Seqanswers Leaderboard Ad

**sdriscoll** · 06-01-2013, 06:23 PM

I having some fun with it. What it seems like to me is I've got to have very detailed knowledge of the transcriptome within context of a sequencing run. For example we know things like that there are families of genes in different loci who are 50 or 60% similar which to a biologist makes it sound like they are fairly separable. To an aligner with 50bp reads, however, those features could share a lot of data when one or the other is expressed. Since most mappers assign equally good hits randomly that's gonna be messy.

So you need to know how much data can be shared between which genes at a specific sequencing type and read length.

**Simon Anders** · 06-02-2013, 10:43 PM

sdriscoll: I've been argueing for some time that there is no such thing as "alignment noise", but your post seems to contradict my claim. So I would like to hear more about your simulations.

These 2% wrongly aligned reads, do they really look like correctly mapped ones?
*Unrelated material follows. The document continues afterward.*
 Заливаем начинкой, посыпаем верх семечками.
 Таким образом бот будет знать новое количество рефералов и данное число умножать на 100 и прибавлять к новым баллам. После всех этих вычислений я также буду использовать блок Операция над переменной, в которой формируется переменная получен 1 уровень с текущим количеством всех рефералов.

Do they have good mapping quality (MAPQ value in the SAM file)? Are they mapped uniquely? Are they unspliced? If you run the aligner a second time, do they end up at the same wrong position?

**Simon Anders** · 06-02-2013, 10:48 PM

Originally posted by sadiexiaoyu View Post

I would like to keep genes with p-value less than 0.05, so according to my result, if I cut around 10%, then no genes with a p-value less than 0.05 (10^-1.3) will be lost

Of course, you cannot call genes with a raw p value below 0.05 as significant, due to the multiple-testing problem. Rather, you want the adjusted p value to be below some threshold (with 0.05 or 0.1 being commonly chosen values), and an adjusted p value of 0.05 typically (though not always) corresponds to a raw p value which is a good deal smaller. This is why Wolfgang suggested something like 0.003.

As the relation between raw and adjusted p values depends on your data set, some experimenting with the threshold is often helpful to get optimal power.

**sdriscoll** · 06-02-2013, 11:29 PM

Originally posted by Simon Anders View Post

sdriscoll: I've been argueing for some time that there is no such thing as "alignment noise", but your post seems to contradict my claim. So I would like to hear more about your simulations.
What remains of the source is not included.